Había que tener amigos hasta en el infierno, mucho más en el Ayuntamiento, que era donde se cocían los problemas de la vida cotidiana de los almerienses. Tener un conocido bien colocado te abría muchas puertas y te ayudaba a encontrar soluciones, sobre todo cuando empezaron a llover las multas de tráfico y era necesario un buen paraguas para no mojarse.
Con las multas llegaron los chanchullos. Quién no conocía a alguien que tenía un vecino o un familiar trabajando en el Ayuntamiento, al que había que recurrir cuando llegaba ese momento fatídico en el que al llegar al coche te encontrabas con el papelito de la multa. La primera reacción, cuando te caía la sanción, era acordarte de toda la familia del policía municipal que te la había colocado y repetir aquello de que todos aquellos funcionarios eran unos inútiles, “más vagos que la chaqueta que llevaban”, como contaba el dicho popular. Cuando se te pasaba la primera irritación era el momento de buscar una salida airosa, que siempre pasaba por no pagar la multa, por buscar el camino para salir indemne o lo que era lo mismo: ir a hablar con fulanico de parte de menganico para que el castigo no siguiera adelante.

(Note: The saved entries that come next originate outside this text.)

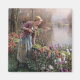 Dieses Design zeigt ein Gemälde des amerikanischen Künstlers Daniel Ridgway Knight (1839-1924). Es zeigt eine schöne junge Frau, die eine Holzstange in der Hand hält. Sie guckt in den Fluss, um zu sehen, ob sie einen Fisch gefangen hat. Es gibt blühende Blume in leuchtenden Farben um sie herum. Es gibt auch ein paar Fische an ihren Füßen, die sie schon gefangen hat. Es ist eine attraktive Szene des traditionellen Lebens und des Vintagen Fischens.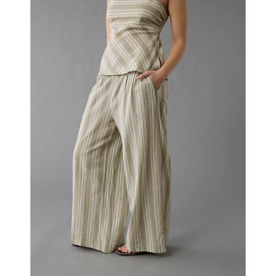 AE Linen-Blend High-Waisted Wide-Leg Pant – Olive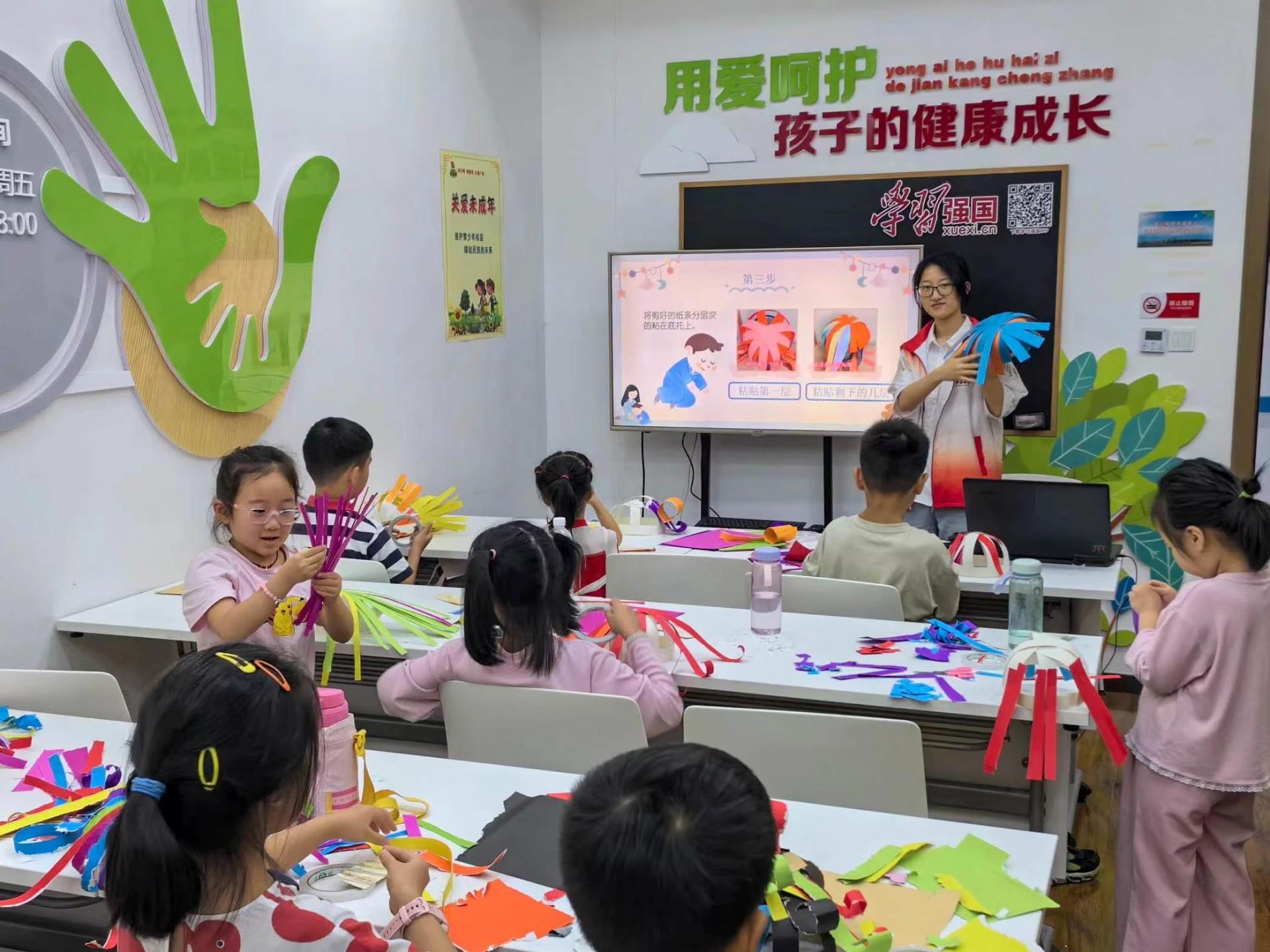在志愿者的演示与指导下,孩子们开始了“假发”制作的探索之旅。他们仔细观察、认真聆听,并发挥各自的想象力与创造力,时而埋头苦干,时而与小伙伴们交流心得。从剪裁彩纸到缝制毛线,再到粘贴装饰品,孩子们手法逐渐娴熟,每个步骤都认真对待。最终,一顶顶独特的手工“假发”逐渐成型,有的是卡通角色的造型,有的融入了现代元素。他们将自己制作的“假发”进行展示、相互分享,与志愿者共同记录这一快乐的时光。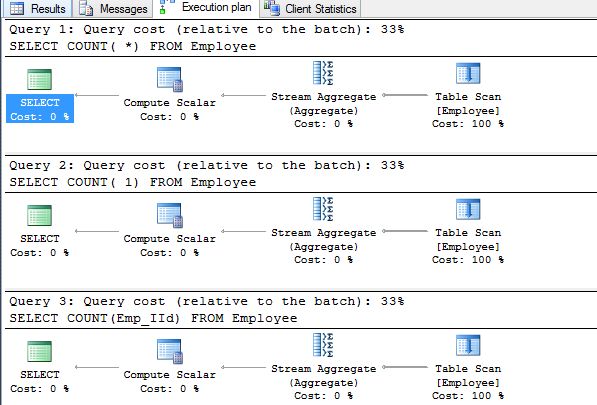 Exception plan of Count(*), Count(1), Count (Col_Name) are the same.
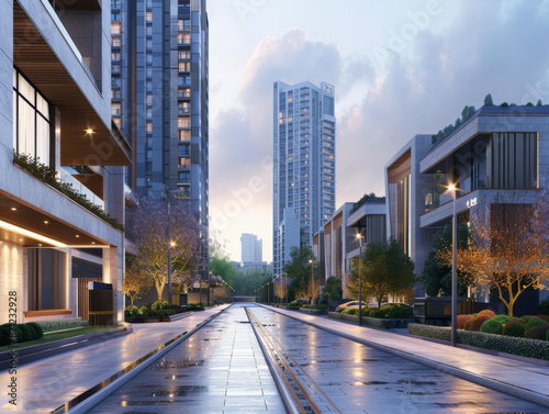 Fototapeta premium Realistic photo of an elegant street in a modern city at twilight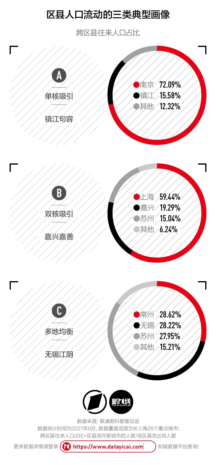 大城市对与其接壤的外市区县有很强的吸引效应。以镇江句容为代表,它与南京之间的跨城往来占到了所有出行人次的72.09%,与镇江本地的往来仅为15.58%。昆山、太仓也同属于这种类型。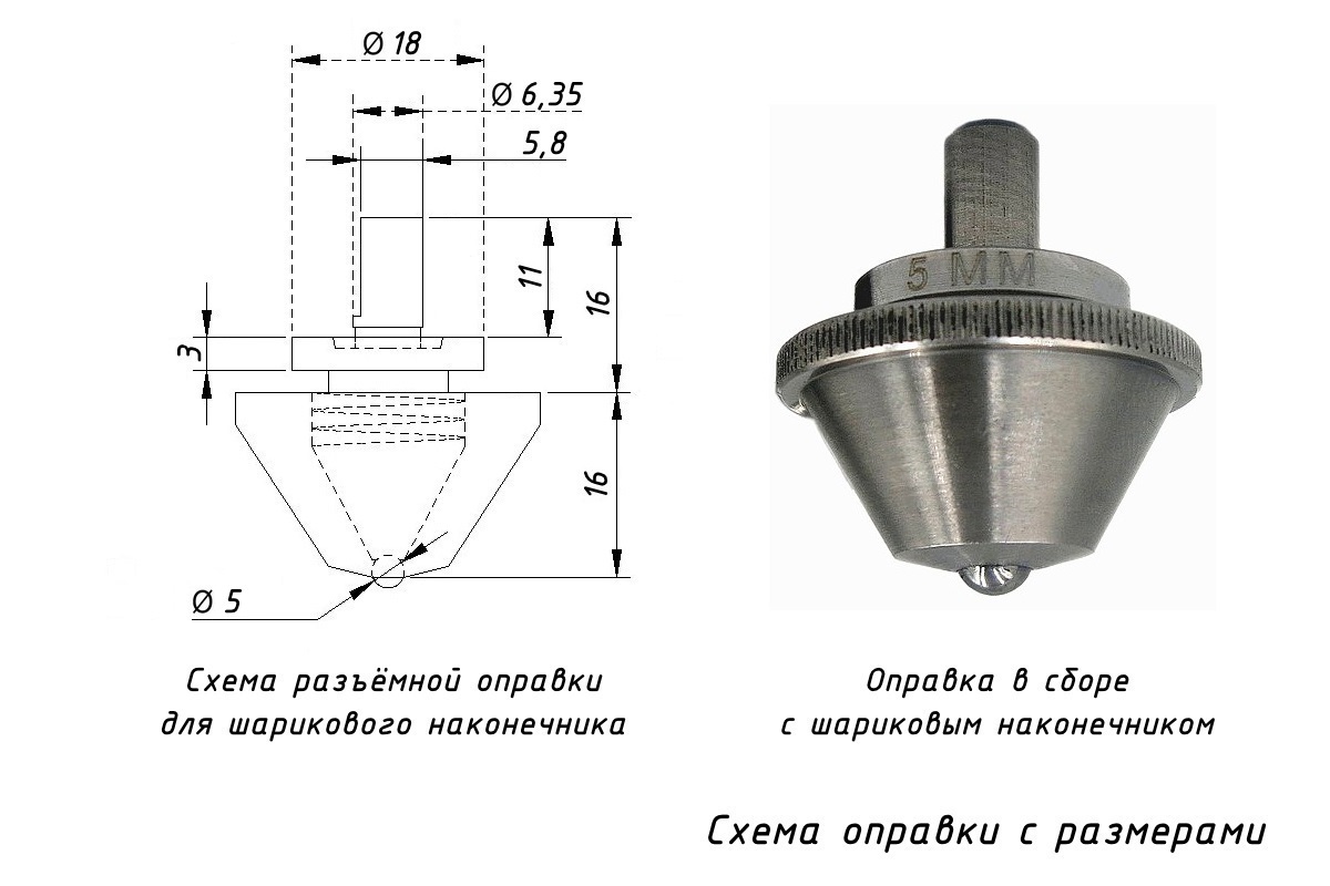 5 мм | Шариковый наконечник (D = 5 мм) в оправке |

Las multas de tráfico formaban parte de un reglamento que casi nunca se cumplía. En la década de los cincuenta, Almería seguía siendo una ciudad pueblerina donde circulaban más coches de caballos, más carros y más bicicletas que vehículos de motor. El parque automovilístico era tan escaso que todo el mundo sabía quién conducía ese coche que cruzaba por el Paseo. Hasta los carteros que llevaban los telegramas iban en bicicleta.
Este panorama empezó a cambiar en los años finales de la década. El primer síntoma del progreso social, el primer signo de que la autarquía de la posguerra empezaba a ser historia, fue la democratización del coche, llamado entonces utilitario.
Fueron los años de los primeros Seat 600, que se convirtieron en el símbolo de la clase de media. Las calles de Almería, que salvo unas pocas excepciones no estaban preparadas para el tráfico de vehículos al ser estrechas y estar mal pavimentadas, se empezaron a llenar de coches y de ruidos. Fue toda una revolución que obligó a las autoridades a tener que tomar medidas para garantizar la convivencia en la ciudad.
En el mes de junio de 1959, el entonces alcalde, Antonio Cuesta Moyano, se vio obligado a dictar un bando de circulación “ante el elevado número de accidentes de tráfico que tienen como causa el proceder de conductores y peatones con olvido de las normas contenidas en el Código de Circulación”, decía el escrito.
¿Qué pasaba en Almería para que el alcalde tuviera que tomar medidas? Que cada conductor ajustaba las normas a sus necesidades: se aparcaba en el primer hueco que hubiera y se saltaban las señales de ‘stop’ y de ‘dirección prohibida’ como si no existieran.
Para poner orden en medio del caos, el señor Cuesta Moyano dispuso que la velocidad máxima autorizada dentro de la ciudad para toda clase de vehículos era la de 20 kilómetros por hora y que las multas se impusieran a rajatabla. La cuantía era importante, se castigaba con cincuenta pesetas al que excediera la velocidad estipulada; al que circulara por dirección prohibida; al que desobedeciera las órdenes de los guardias de circulación; al que abandonara el vehículo en la vía pública; al que transportara viajeros en las populares motos ‘Isocarro’ y a los conductores de bicicletas que llevaran a un pasajero subido en el portaequipajes o en la barra de la bici, que era algo habitual.
La medida no fue bien acogida por la mayoría de los almerienses. Aquí estábamos acostumbrados a conducir a nuestro libre albedrío y que te impusieran una multa de diez duros era un golpe bajo, un quebranto económico y una bofetada moral, ya que el Ayuntamiento, para reforzar su autoridad, puso de moda que los nombres de los que fueran multados por infracciones de tráfico salieran publicados en las páginas del diario local Yugo.